Players’ Production Is ‘Gloriously Silly’

By Michelle Ebert Freire

Ax-wielding jilted lovers. Cactus injuries. Underwear. And slamming doors. So. Many. Doors.

Forty years after it opened on Broadway, Michael Frayn’s farce “Noises Off” continues to delight as the Newtowne Players brings the madcap antics to the Three Notch Theatre in a gloriously silly production.

To set the scene for those unfamiliar this modern classic, “Noises Off” introduces us to a group of second-rate theater folks mounting a touring production of a sex farce aptly titled “Nothing On.” We first meet them around midnight, desperately trying to get through a final rehearsal before their first performance the next evening. But the actors keep bringing rehearsal to a halt.

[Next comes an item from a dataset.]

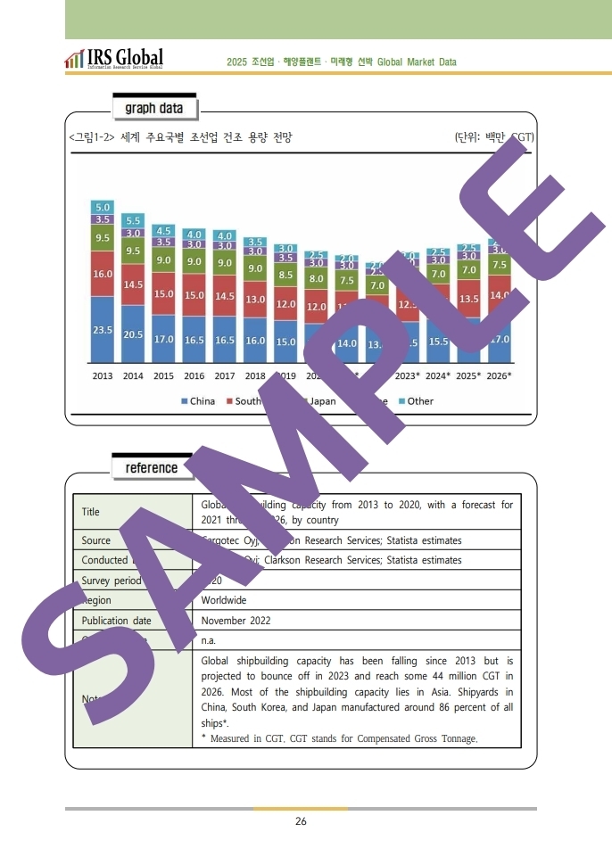 이에 IRS글로벌은 세계 1위를 차지했던 강력한 산업인 조선업과 해양플랜트 및 미래형 선박 관련 시장에 종사하는 분뿐만 아니라, 관심을 갖고 계신 모든 분들께 사업기획과 마케팅전략 수립에 도움을 드리고자 본서에 글로벌 시장에 대한 다양한 2차 자료를 체계적으로 정리하여 소개하였다.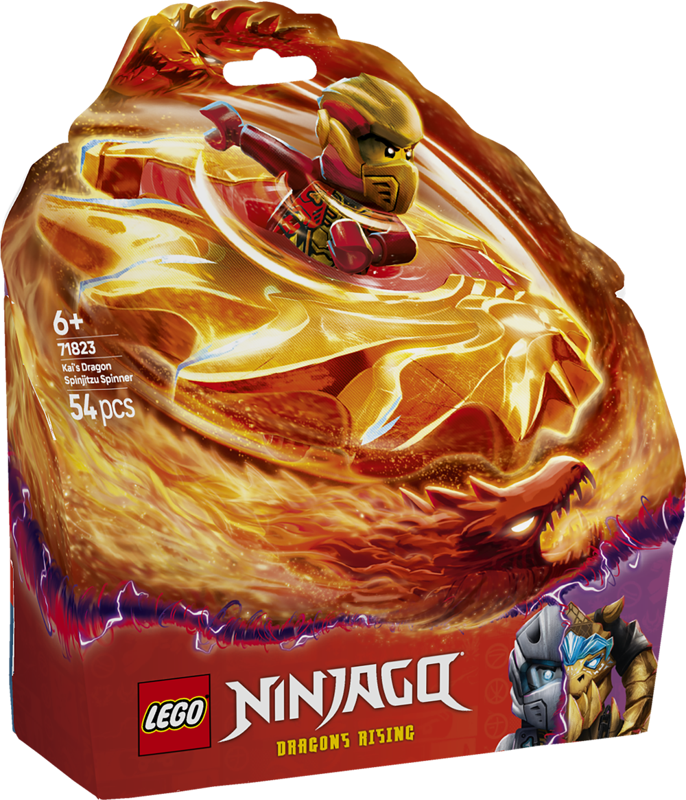 Gør dig klar til at sende Kai afsted i en actionfyldt kamp mod en skurkagtig dragonisk spejder! Anbring ildens mester i drage-Spinjitzu-spinneren, og tryk på affyringsknappen. Se på, når han bliver sendt afsted i et hurtigt spin for at besejre sinonde modstander. Når spinneren rammer sit mål, kan der flyve 2 kraftelementer af. Kai skal sikre sejren for at redde den nye NINJAGO®-verden!

Dotty, the has-been veteran, keeps forgetting when to bring her sardine props on and off the stage. Freddy, the sensitive dimwit, insists on understanding his character’s motivation for every line. Brooke, the sexpot, repeatedly loses her contact lenses. And they all have to keep an eye out for sweet, ancient Selsden, who is prone to roam out of the theater to get soused. Rounding out the company is Gary, the leading man (who is as full of himself as he is of hot air); Belinda, the cast gossip; Poppy, the dumping ground of a stage manager; Tim, the overworked and exhausted stagehand; and Lloyd, the beleaguered (and philandering) director.

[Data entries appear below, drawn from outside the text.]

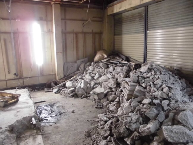 【10月16日】 ・壁周り解体 ・天井一部解体 【10月17日】 ・土間斫り 【10月18日】 ・土間斫り ・AC撤去 ・2階 絨毯撤去 【10月19日】 ・シャッター撤去 ・看…
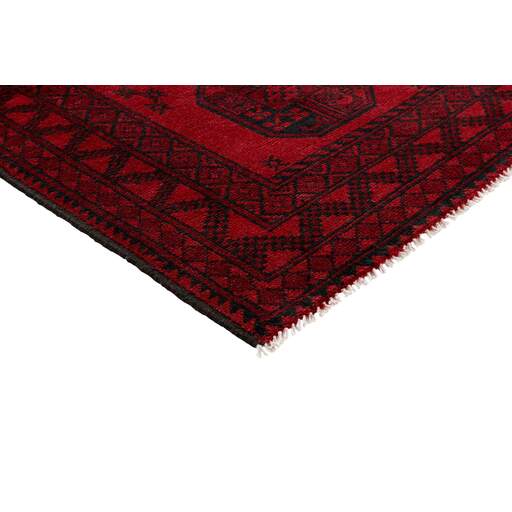 Aktscha rugs are knotted by Turkmens in the Aktscha (Acqcha) district, which is situated in the central part of the Jowzjan Province of northern Afghanistan. The Aktscha rugs are very similar to the Old Afghan (Khal Mohammadi) rugs, but are of a lower quality, as the knot density is lower. The rugs have the same characteristics, with the deep, warm, and fiery red base colour, the relatively high and sturdy pile, the wool base weave, and the use of goat’s and horse’s hair. The Gül (Elephant’s Foot) pattern is the primary pattern of the Aktscha rugs.
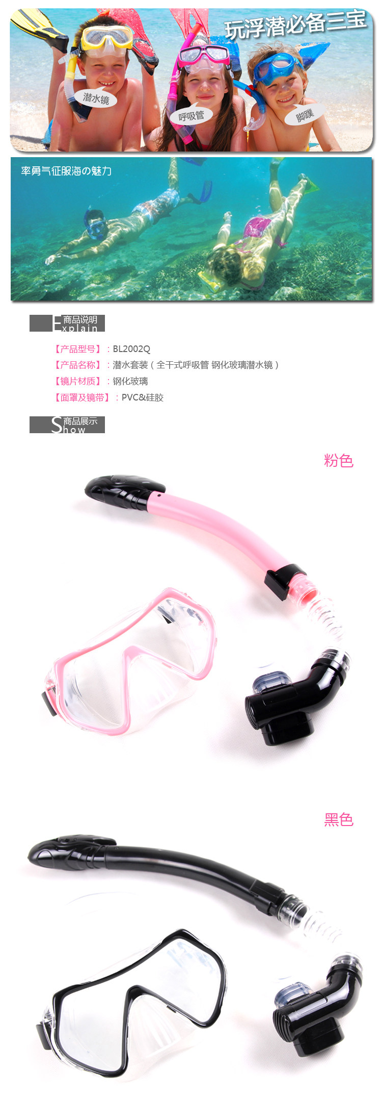 【商品名称】:搏路全干式潜水呼吸管+潜水镜套装

After witnessing this final rehearsal, we get the unique opportunity to check in on the company a couple of months later, when they are well into their tour — but this time, we watch the action from backstage.

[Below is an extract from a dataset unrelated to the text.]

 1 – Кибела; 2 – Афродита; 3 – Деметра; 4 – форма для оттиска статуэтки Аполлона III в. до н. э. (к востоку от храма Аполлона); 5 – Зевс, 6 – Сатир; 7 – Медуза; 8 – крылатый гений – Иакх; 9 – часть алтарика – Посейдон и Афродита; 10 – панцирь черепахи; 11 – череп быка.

The tour has not treated this group well: romantic triangles have resulted in jealousy, backstabbing, “Three’s Company”-type misunderstandings, and Three Stooges-worthy slapstick. And this is where the fun really begins, as the play going on behind the curtain is much more entertaining than the one in front of it. By the third act, the tour is almost over, and the company has totally lost it, presenting a disaster of a play that is now entirely different from the one we saw rehearsed.

In the New York Times’ 1982 review of “Noises Off,” Frank Rich declares, “The most calamitous nights in the theater can be almost as memorable as the most successful. It’s strangely involving to watch actors struggle heroically in a ludicrous play.”

Newtowne’s production is anything but calamitous. Comedy is hard work, and this cast of actors makes it look easy. They balance the precise physicality and timing with fully realized characters. Comic characters themselves don’t know they’re funny. They take themselves very seriously — which makes us laugh all the more.

Sarah Pollard, who plays the ditzy Brooke, explains, “I went into developing Brooke knowing I didn’t want her to be a throwaway character. I wanted to portray her as a real person. I tried to give Brooke thought processes that motivate her movements and facial expressions, even when she appears spaced out.” Each character in this production is portrayed with depth and detail, and the staging is tightly choreographed (so that no one gets whacked by an ax or breaks their ankle when they are required to fall down the stairs).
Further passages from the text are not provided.